This is the early term project of BMED 6517, Georgia Institute of Technology. Our group members are Jincheng Zhu, Yuewen Zheng and Hanchen Wang. The goal of this project is to predict patient's AAML or normal status from patient blood samples profiled by flow cytomery.
The data are drawn from 359 subjects, among whom 316 are normal while 43 are AML. For each subject, one blood sample is taken and split into 8 tubes. For each tube, 7 channels are measured (FSC, SSC, 5 protein markers). The 5 protein markers for each tube measure different kinds of proteins. (In total 5 * 8 = 40 kinds of proteins are measured.)
Normal/AML class labels of 179 samples are given. The task is to predict the class labels of the remaining 180 samples.
All data can be downloaded from http://pengqiu.gatech.edu/MLB/CSV.zip.
Noting that there are more than 10,000 rows of data in each of the 2872 csv files, which is far more than enough, and could slow down the program severely, I used only a part of them to make a smaller dataset.
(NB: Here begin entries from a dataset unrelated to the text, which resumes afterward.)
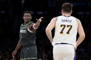 據統計,湖人球星東契奇和森林狼核心愛德華茲生涯至今常規賽交戰14次,東契奇8勝6負稍占上風。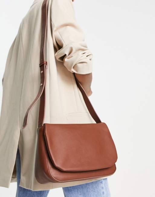 Truffle Collection - Soepele schoudertas met brede band in donkerbruin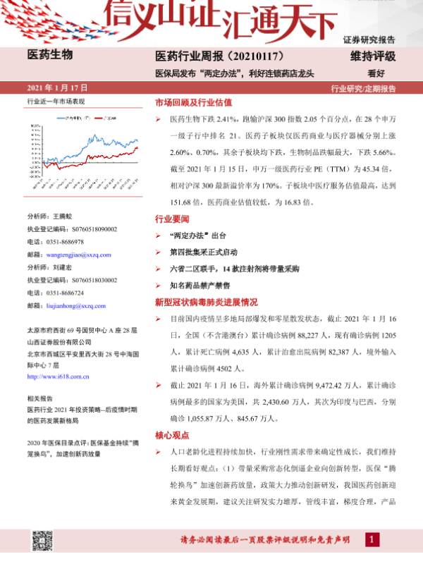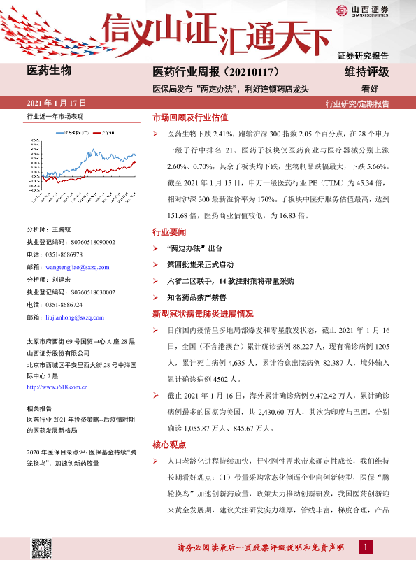 【山西证券】【20210117】医药行业周报:医保局发布“两定办法”,利好连锁药店龙头-8页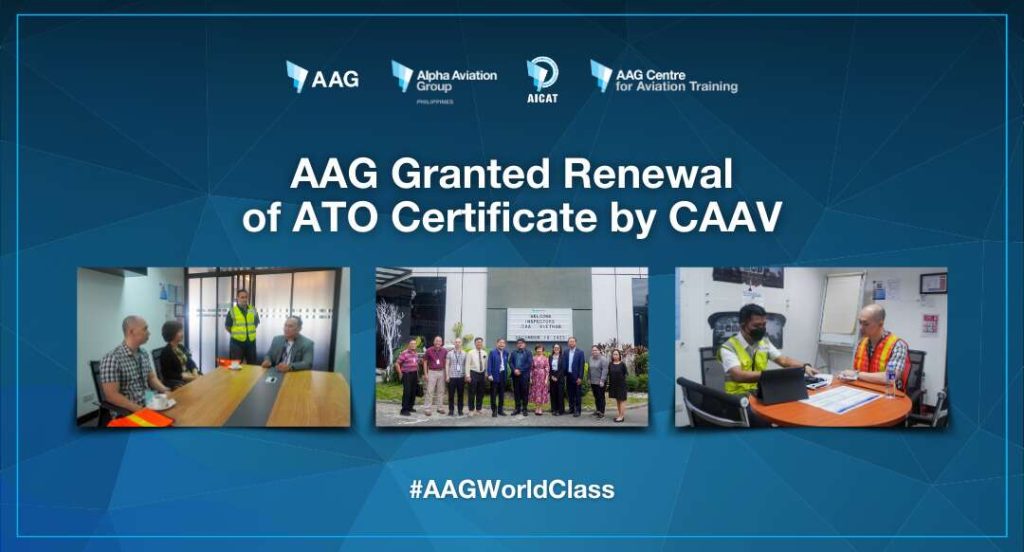 Clark Freeport Zone, Pampanga, Philippines – Alpha Aviation Group (AAG) has been granted a renewal of the Approved Training Organization (ATO) Certificate by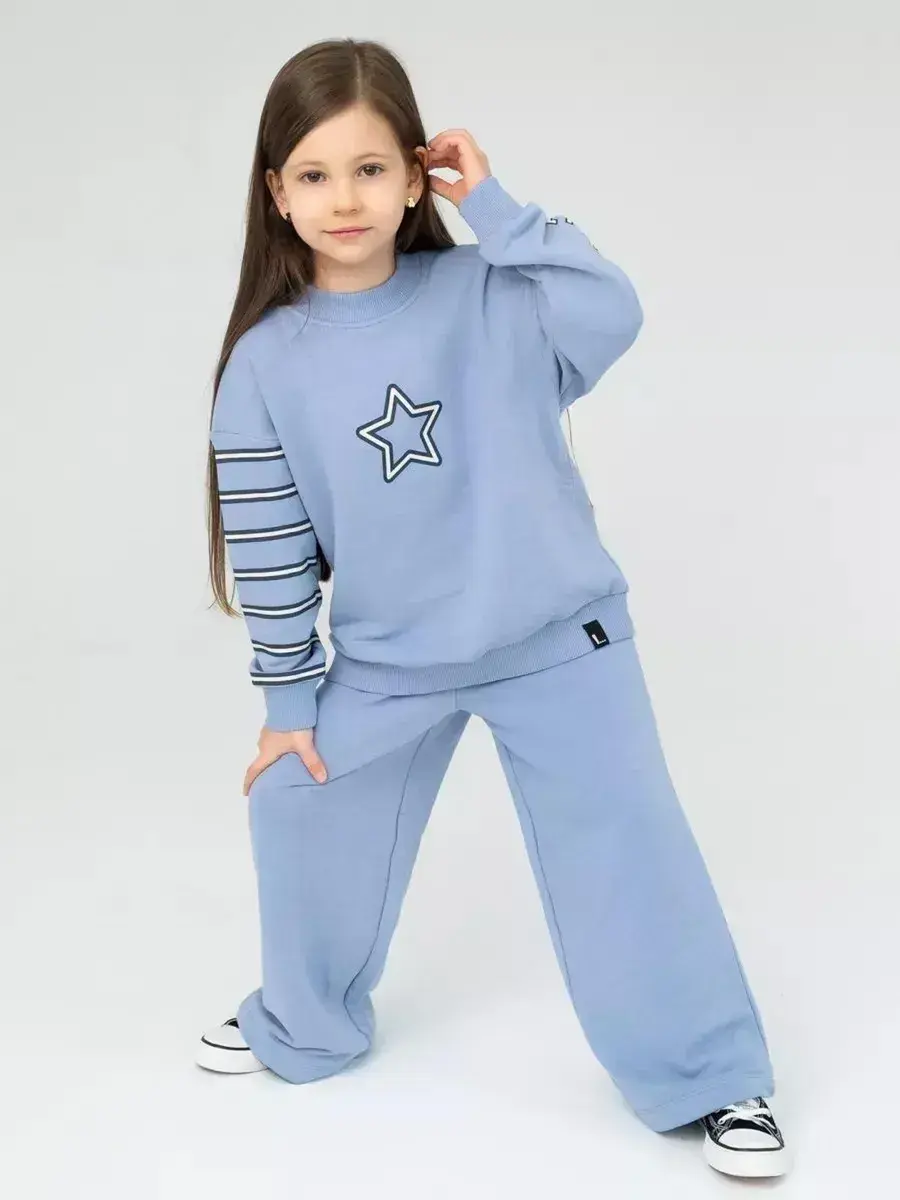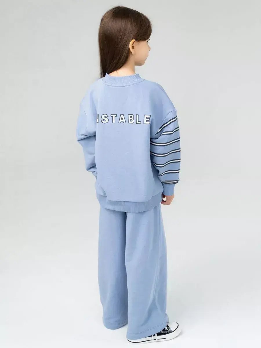 Костюм для девочки — идеальное сочетание стиля и комфорта. Детский костюм состоит из уютного детского свитшота оверсайз и брюк-палаццо на резинке. Каждый элемент детского костюма для девочек создан с заботой о маленьких модницах, предпочитающих активный образ жизни.

Also, in order to make an unbiased smaller dataset, I collected 1000 rows from each csv file which comes from a normal subject, and 7000 rows from each csv file which comes from an AML subject. In total, 317,000 rows of data was collected, among which 161,000 rows of data was collected from 23 AML subjects amd 156,000 rows of data was collected from 156 normal subjects.
p.s. I used Z-normalization on the first column "FS Lin", as the value of this column is much larger than the others.
After downloading all data, please put all csv files and ipynb files in file folders with a structure shown below.
In the project file folder there are
- .\Classification-of-AML\
- NeuralTraining.ipynb
- NeuralTesting.ipynb
- (model_weights.h5)
- (model.h5)
- AMLTraining.csv
- .\CSV\
- 0001.CSV
- 0002.CSV
...
...
... - 2872.CSV
Please run NeuralTraining.ipynb first to train the model. The model is saved to model.h5 and model_weights.h5. Then run NeuralTesting.ipynb to apply the testing data to the saved model to get the results. You can also just use the model file trained by myself, which can be loaded in NeuralTesting.ipynb. It takes about 60 minutes to sample from the csv files and train the neural network model.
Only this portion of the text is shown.